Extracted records
-- Opening Marker --

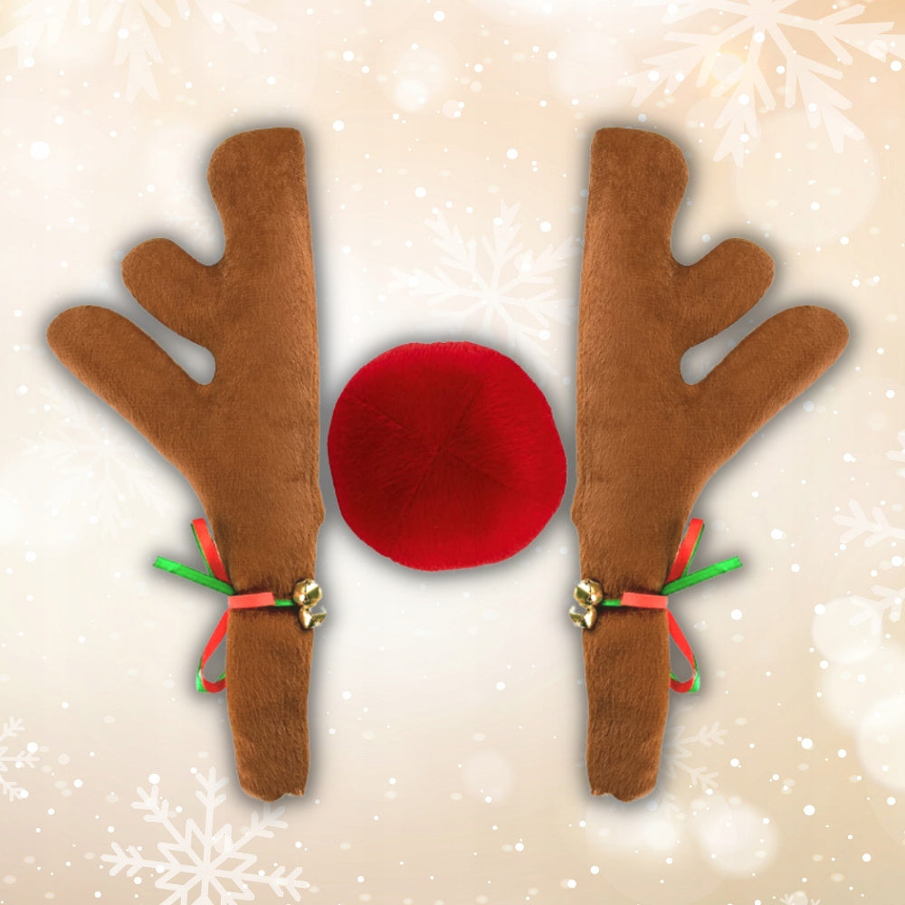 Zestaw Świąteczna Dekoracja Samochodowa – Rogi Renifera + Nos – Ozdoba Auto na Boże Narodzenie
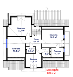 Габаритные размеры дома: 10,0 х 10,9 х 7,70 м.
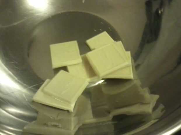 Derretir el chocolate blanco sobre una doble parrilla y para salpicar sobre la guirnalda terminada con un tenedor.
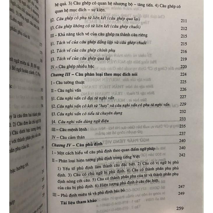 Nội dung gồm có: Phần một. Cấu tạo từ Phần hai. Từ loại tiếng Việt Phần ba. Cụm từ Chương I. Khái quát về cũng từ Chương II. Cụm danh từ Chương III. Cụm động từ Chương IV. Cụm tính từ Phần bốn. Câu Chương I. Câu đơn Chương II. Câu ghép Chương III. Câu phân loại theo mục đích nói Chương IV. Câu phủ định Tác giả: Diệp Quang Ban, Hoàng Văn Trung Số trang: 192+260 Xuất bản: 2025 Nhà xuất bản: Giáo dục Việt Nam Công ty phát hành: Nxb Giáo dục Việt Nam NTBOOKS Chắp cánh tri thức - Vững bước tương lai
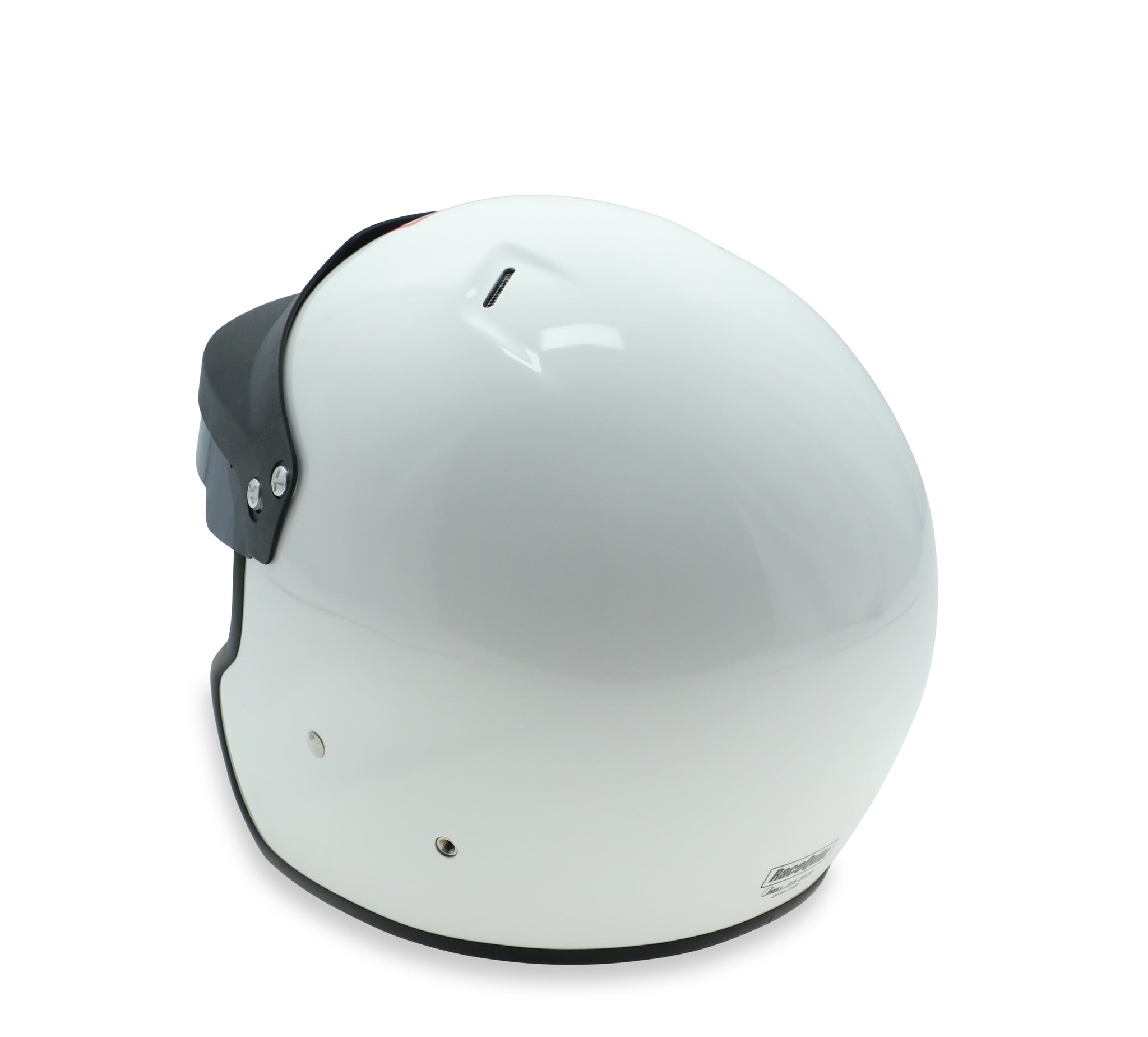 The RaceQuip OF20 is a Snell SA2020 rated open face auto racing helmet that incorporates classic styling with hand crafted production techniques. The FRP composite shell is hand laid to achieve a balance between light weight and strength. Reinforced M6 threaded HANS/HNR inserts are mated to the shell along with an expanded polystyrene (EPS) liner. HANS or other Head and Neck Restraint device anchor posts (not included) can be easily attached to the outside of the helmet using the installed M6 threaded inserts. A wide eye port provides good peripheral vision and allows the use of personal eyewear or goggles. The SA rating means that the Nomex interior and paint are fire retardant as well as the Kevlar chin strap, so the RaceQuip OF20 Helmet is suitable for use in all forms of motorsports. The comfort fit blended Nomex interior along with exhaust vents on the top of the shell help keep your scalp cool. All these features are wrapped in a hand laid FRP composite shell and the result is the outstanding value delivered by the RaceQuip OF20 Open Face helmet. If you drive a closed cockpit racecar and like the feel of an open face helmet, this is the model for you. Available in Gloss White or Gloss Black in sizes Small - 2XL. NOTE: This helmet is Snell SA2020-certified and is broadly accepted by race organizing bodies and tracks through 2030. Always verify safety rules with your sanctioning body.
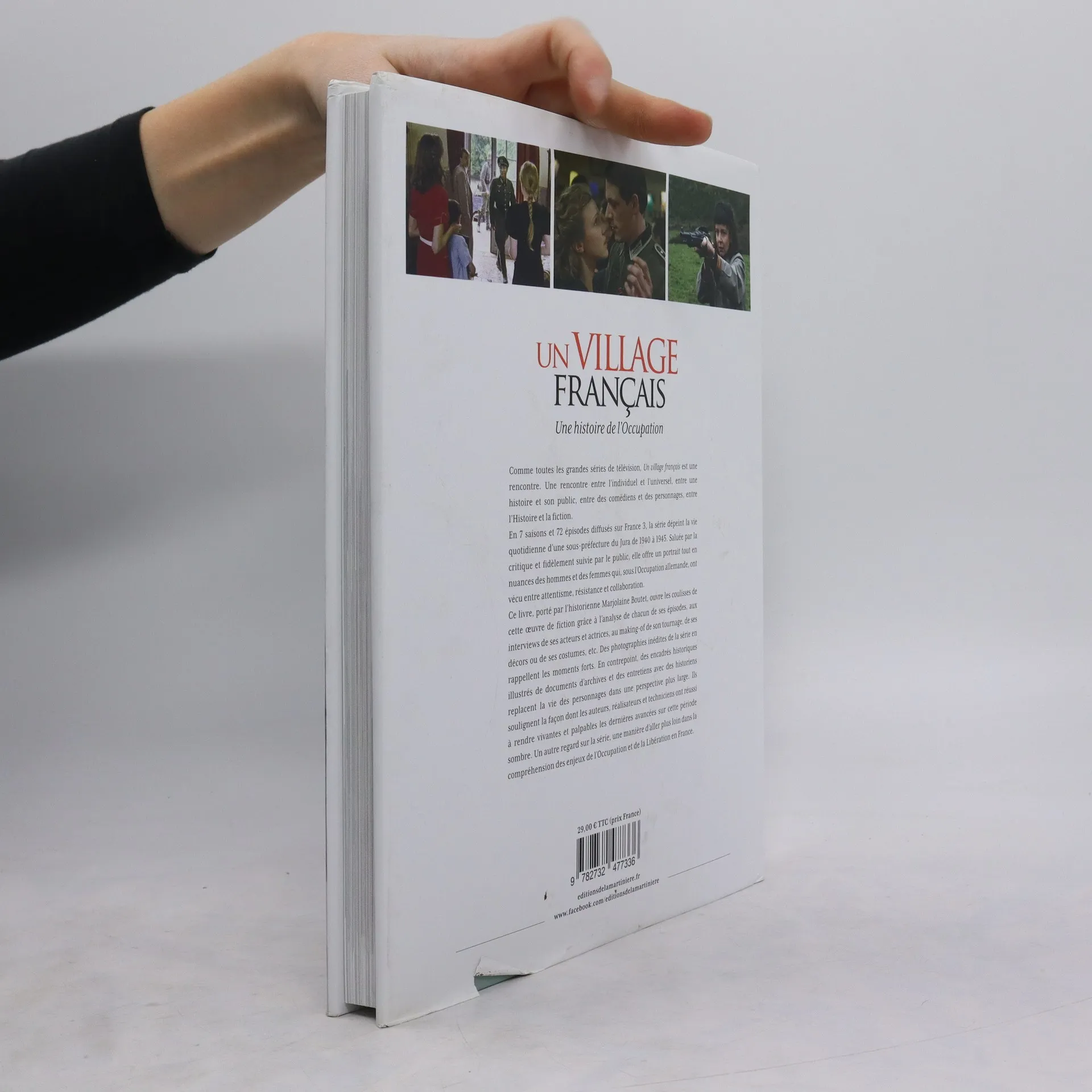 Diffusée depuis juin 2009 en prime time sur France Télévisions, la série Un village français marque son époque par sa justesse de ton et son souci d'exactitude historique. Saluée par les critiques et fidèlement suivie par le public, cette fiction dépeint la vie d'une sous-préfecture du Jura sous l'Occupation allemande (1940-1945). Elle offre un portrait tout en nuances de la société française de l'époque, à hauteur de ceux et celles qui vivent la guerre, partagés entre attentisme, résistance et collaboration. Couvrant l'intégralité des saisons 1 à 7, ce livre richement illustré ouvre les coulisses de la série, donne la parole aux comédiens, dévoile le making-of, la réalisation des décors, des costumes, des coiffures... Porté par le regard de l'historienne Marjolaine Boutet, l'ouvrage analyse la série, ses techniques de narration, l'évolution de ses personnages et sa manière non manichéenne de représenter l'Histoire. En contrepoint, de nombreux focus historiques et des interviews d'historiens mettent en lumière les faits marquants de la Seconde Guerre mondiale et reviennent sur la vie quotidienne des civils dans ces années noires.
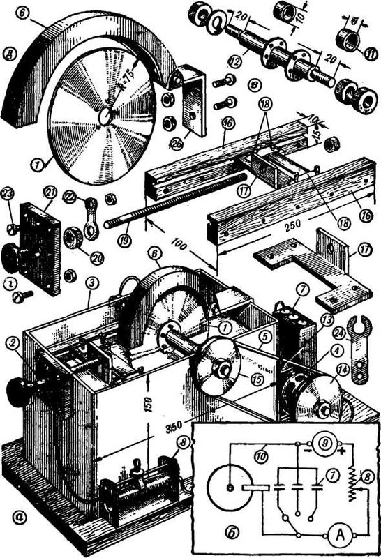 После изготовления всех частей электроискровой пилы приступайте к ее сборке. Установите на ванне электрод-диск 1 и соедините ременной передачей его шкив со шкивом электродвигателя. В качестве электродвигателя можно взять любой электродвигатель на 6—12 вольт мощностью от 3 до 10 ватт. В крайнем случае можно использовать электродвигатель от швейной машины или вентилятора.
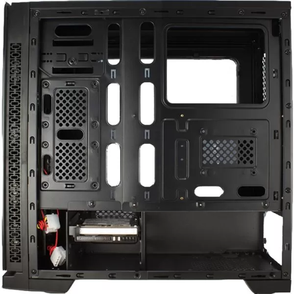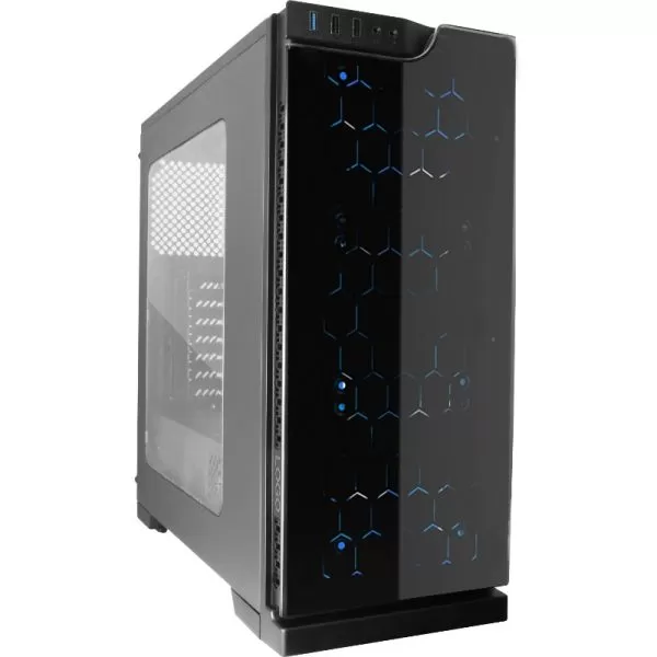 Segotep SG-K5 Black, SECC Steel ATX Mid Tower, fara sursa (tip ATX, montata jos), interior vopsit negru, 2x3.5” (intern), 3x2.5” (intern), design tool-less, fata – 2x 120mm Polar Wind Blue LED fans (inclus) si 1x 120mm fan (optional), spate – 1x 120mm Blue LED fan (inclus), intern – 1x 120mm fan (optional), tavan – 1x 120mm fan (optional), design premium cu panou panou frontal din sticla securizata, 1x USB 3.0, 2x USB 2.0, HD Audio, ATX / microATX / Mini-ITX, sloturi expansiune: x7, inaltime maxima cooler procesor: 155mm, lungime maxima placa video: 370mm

-- Closing Marker --

=== Task goal ===
Repeat the lines exactly as they stand, from the opening line of the data through the line with "Derretir el chocolate". Pictures stay out of the copy.

=== Solved exercise ===
 Zestaw Świąteczna Dekoracja Samochodowa – Rogi Renifera + Nos – Ozdoba Auto na Boże Narodzenie
 Габаритные размеры дома: 10,0 х 10,9 х 7,70 м.
 Derretir el chocolate blanco sobre una doble parrilla y para salpicar sobre la guirnalda terminada con un tenedor.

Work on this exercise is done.